The success of each Puengen Minagof Nochebuena rests on the
hard work of our part-time faculty, who are not paid nearly enough given the
service they provide for both the University of Guam and the wider community.
This is also true for the other, much larger annual event our program organizes
“I Inacha’igen Fino’ CHamoru” or the Chamorro Language Competition each March. Allow
me to introduce you to our Chamorro language faculty at UOG who made last
week’s event possible.
Siñot Joseph Franquez is a long-time musician and Chamorro
teacher and also the lead organizer for Puengen Minagof Nochebuena. He set up
the sound system for the evening and also provided musical support via his
synthesizer. His had his classes sing a number of much beloved Chamorro
Christmas songs, and under his guidance they sounded quite “linangitan” or
heavenly. Siñot Ed Benavente, a retired Chamorro teacher and former Maga’låhi
of Nasion Chamoru had his students open the evening with the blowing of the
kulo’ and also added in a På’a Taotao Tåno’ style chant and a stirring
rendition of “Fanmåtto Manhengge.” Siñora Ruth Mendiola was a Chamorro teacher for
many years and is now the acting gehilo’ for the Guam Department of Education Division
of Chamorro Studies and Special Programs (Inestudion Chamoru yan Espesiåt na
Prugråma Siha). Her classes took on the important task of manning the tables.

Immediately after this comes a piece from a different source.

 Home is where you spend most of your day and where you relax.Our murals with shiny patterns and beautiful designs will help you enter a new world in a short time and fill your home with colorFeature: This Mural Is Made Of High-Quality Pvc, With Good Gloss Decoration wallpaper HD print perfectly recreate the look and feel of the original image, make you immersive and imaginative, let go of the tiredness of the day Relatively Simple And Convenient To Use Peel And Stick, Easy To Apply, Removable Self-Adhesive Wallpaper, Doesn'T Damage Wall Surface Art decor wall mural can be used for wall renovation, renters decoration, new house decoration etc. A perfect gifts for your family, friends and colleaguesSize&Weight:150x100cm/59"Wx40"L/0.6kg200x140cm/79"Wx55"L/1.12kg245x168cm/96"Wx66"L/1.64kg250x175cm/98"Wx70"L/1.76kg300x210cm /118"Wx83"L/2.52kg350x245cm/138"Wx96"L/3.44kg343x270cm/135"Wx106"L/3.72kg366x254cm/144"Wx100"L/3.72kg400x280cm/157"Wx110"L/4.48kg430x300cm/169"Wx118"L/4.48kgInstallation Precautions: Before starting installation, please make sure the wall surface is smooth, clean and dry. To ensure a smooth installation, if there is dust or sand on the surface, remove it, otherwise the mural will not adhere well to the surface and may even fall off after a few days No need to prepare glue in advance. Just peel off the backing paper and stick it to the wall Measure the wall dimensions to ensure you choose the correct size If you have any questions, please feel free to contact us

As part of their coursework they demonstrated and cooked the boñelos prior to
the evening and even printed out instructions in Chamorro on how to make them.

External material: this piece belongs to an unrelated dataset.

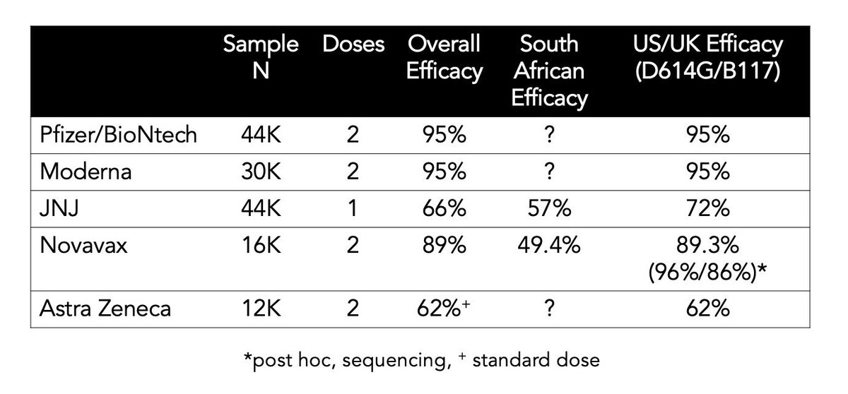 4-Pero el dato mas importante de las vacunas es este: mas de 75,000 personas han recibido la 💉 en los diferentes estudios de las famaceuticas. Eficacia para ⬇️ riesgo enfermedad moderada/severa es de 95 a 60% dependiendo la vacuna o el sitio del estudio. Tabla Dr @EricTopol

They made sure the tables were always filled with fina’måmes Chamoru even as
hundreds of hungry mouths filed through. The most senior among our part-time
faculty is Siñora Rosa Palomo, who is well-known and respected for her decades
of work in terms of the study and perpetuation of the Chamorro language. She
teaches the advanced Chamorro language courses at UOG and volunteered her
students to conduct the nobena this year as well as participate in a life-size
bilen, or nativity display. Siñora Terry Flores is a retired Chamorro teacher
and a techa who teaches our intermediate Chamorro language courses. For Puengen
Minagof Nochebuena, she helped organize an “Finattan Modan Chamoru” or a
Chamorro fashion show, comprised of the students from different classes.
Students walked past the life-sized bilen and Christmas decorations and showed
off their loincloths, lancheru outfits and even Hawaiian print t-shirts.
I have only had my students participate in Puengen Minagof
Nochebuena for a few years, as I am not particularly adept at teaching songs,
making a bilen or judging on the culinary qualities of boñelos. But after assisting
the others for a few years, I am understanding more and more the importance of
holding an activity such as this. For many of my students, they are aware of
the traditions that we showcase on this night. These traditions are still in
their periphery in some ways, things practiced in their families or by certain
members of their families. They don’t necessarily feel particularly connected
to these practices, but they know that they are something that older
generations took seriously in the past, and sometime take seriously today.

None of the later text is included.